The idea travels under different names—“burden sharing,” “intercreditor equity,” “fundamental fairness,” and “comparability of treatment.” But the underlying proposition is the same. All creditors, of whatever stripe, caught up in a distressed sovereign-debt situation share one thing in common: Whatever is disproportionately good for any one creditor or group of creditors will probably be disproportionately bad for all the others.
When a government stumbles into a situation of debt distress, its repayment capacity, by definition, will be insufficient to allow it to service all of its obligations on their original terms. Then there are only two options: extract a comparable amount of the needed debt relief from all similarly situated creditors or seek a disproportionate amount of debt relief from some creditors while allowing others to get away with providing little or no debt relief.
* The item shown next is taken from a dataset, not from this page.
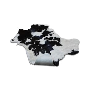 Tapete Couro De Bezerro Nonato Terneiro Preto e Branco 90 x 90 cm

No lender will lightly accept someone else getting preferential terms. The result is a modern-day Alphonse and Gaston routine: nobody wants to be the first to provide debt relief. That thrusts debt-distressed governments into an indefinite purgatory, with predictably catastrophic outcomes for their most vulnerable citizens. Debt distress is becoming increasingly common in developing countries today, especially in the poorest countries. Over the past three years alone, 18 sovereign defaults have occurred in 10 developing countries, surpassing the total of the previous two decades. It’s in nobody’s interest to continue the stalemate that prevails among creditors.
Over the last four decades, policymakers have tried three broad approaches to ensuring respect for the principle of comparable treatment of creditors in a sovereign debt workout. The first seeks comparable treatment through provisions in the underlying financing contracts. Collective-action clauses are the most visible example of this technique. They effectively force potentially maverick creditors into accepting a settlement approved by a supermajority of their colleagues, thus replicating a fundamental feature of most municipal bankruptcy codes — supermajority creditor control.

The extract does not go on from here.